Question: Father, what should an Orthodox woman do when, after 26 years of marriage, she has endured ongoing emotional, psychological, and at times physical abuse, sacrificing herself for her husband and children, living without intimacy for years, being insulted, controlled, and even mocked for her faith? She now sees this harm affecting her children, feels spiritually exhausted, and is losing her prayer life. How can she protect her soul and her children while remaining faithful to God?

The answer of Fr. Andrew Lemeshonok to the question:

I think a situation like this, as it now stands, has not come about by chance. No one forced either of them into married life; no one carried them off; no one made them do it. How did it come to this? How was it allowed to go on for twenty-six years? How did it grow into what it is now? That is a question not only for the husband, but for the wife too. What now? How can life move forward? How do you get out of this dead end?

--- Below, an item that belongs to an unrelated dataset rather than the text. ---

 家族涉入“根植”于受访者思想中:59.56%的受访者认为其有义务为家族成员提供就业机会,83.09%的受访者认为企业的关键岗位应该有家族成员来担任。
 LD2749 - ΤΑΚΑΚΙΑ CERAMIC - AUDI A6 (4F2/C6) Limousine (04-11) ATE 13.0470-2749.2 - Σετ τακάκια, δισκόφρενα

Here, one has to stop and think over one’s whole life, look again at one’s relationship, because there are children involved, and of course they are the ones who suffer most. A mother might think, “Fine, I am a fool, I will bear it to the end. I do not pity myself, but I pity the children.” And indeed, we must pity the children.

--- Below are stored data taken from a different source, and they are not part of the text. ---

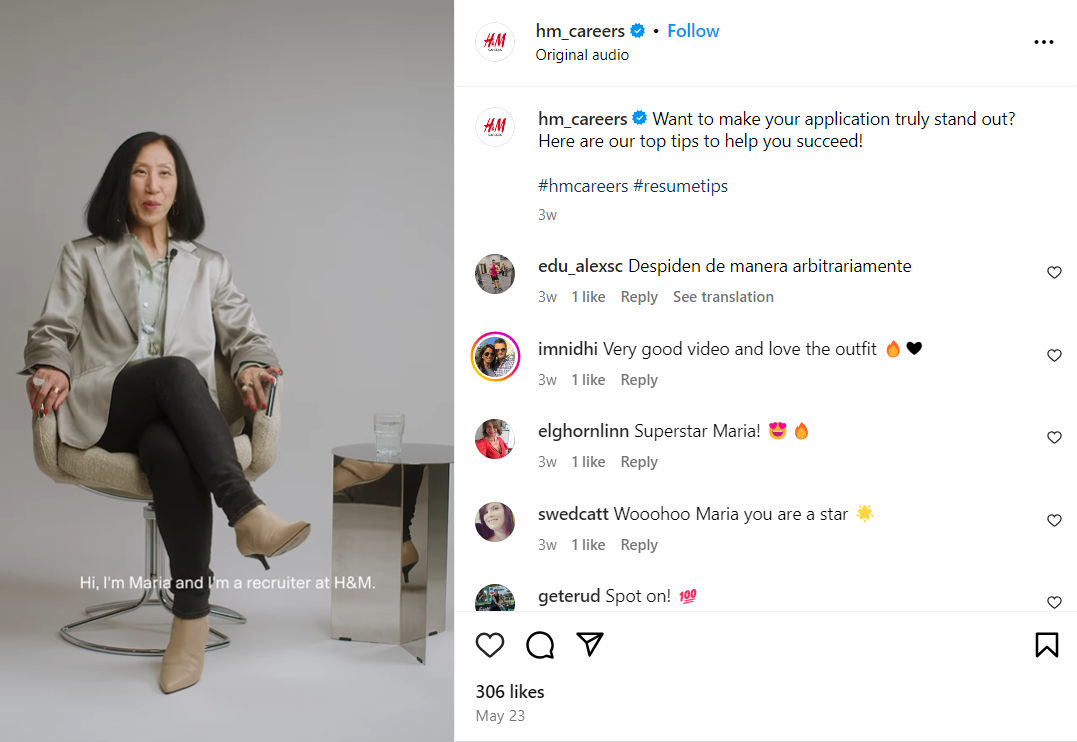 When it comes to applying for a job, everybody needs some tips and tricks to boost their likelihood of securing that empty seat. H&M lets job seekers out there know that the company is all about supporting its candidates right from the first stage. The global fast fashion brand constantly posts videos about secrets to successfully being hired. In this particular Instagram post, its recruiter points out how you can make your application stand out. Talk about showcasing a solid employer brand right from the get-go.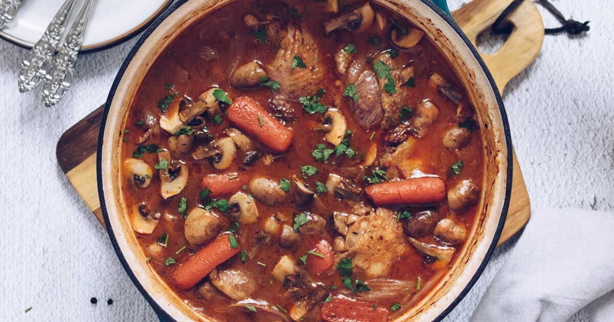 Pour préparer ce plat, il suffit de faire revenir les morceaux de poulet dans une cocotte, d'ajouter les légumes et de laisser mijoter avec le vin tout en assaisonnant avec les herbes. En quelques étapes simples, vous obtiendrez un plat réconfortant parfait pour les repas en famille.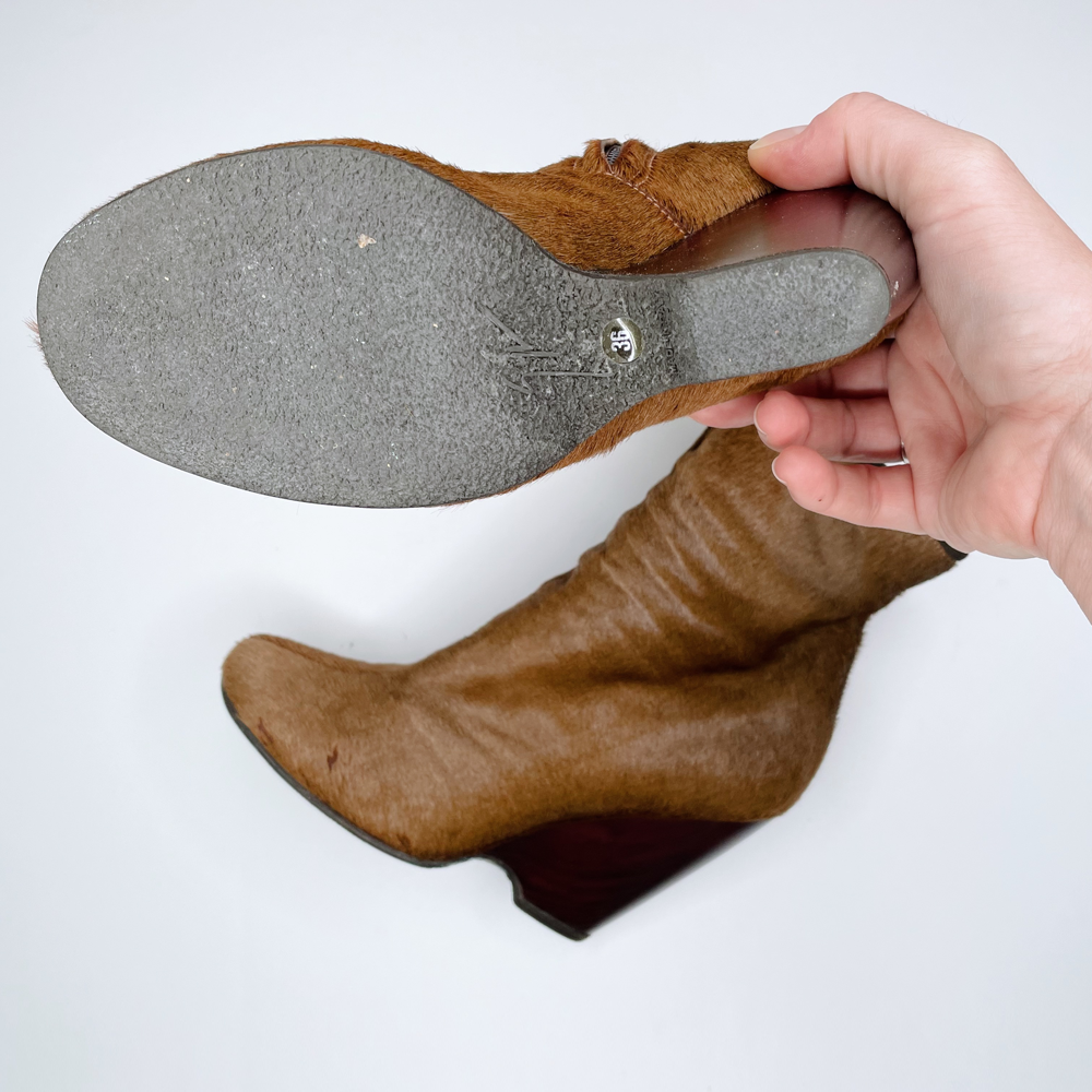 Item Description: From the 2009 collection, these calf hair wedge boots from Giuseppe Zanotti are made in Italy with soft leather thats beautifully worn in, and finished with a trendy wedge heel.

Perhaps you need to find something beautiful in your husband; he is human, after all. Clearly, each spouse sees things from their own side: the wife says one thing, the husband something quite different. I have grown used to this, so I listen with half an ear, you know. You look at the person more than you listen to the words. We might fail to understand even the person closest to us, building our lives entirely on our own versions and assumptions. The husband sees things in a completely different light. Often I say, “Bring your husband, and we will talk.” When he comes, I say to the wife, “He is the holy one in your home, not you.” Then she takes offence. Because we live selfishly — we are all selfish, in some way — it can seem that we suffer so much, while the other person is the tyrant. Though sometimes, of course, it is the other way round.

So we must come to our senses somehow. Yet we have support: we have the Church, confession, and Holy Communion. We have the chance to discover each other anew, to see ourselves afresh, and to correct the mistakes that have built up over the years. You can start everything over. You can begin life again after twenty-six years. You can rebuild, but that requires boldness, inspiration, and courage. Otherwise, you just grit your teeth and go on suffering, without any hope of change.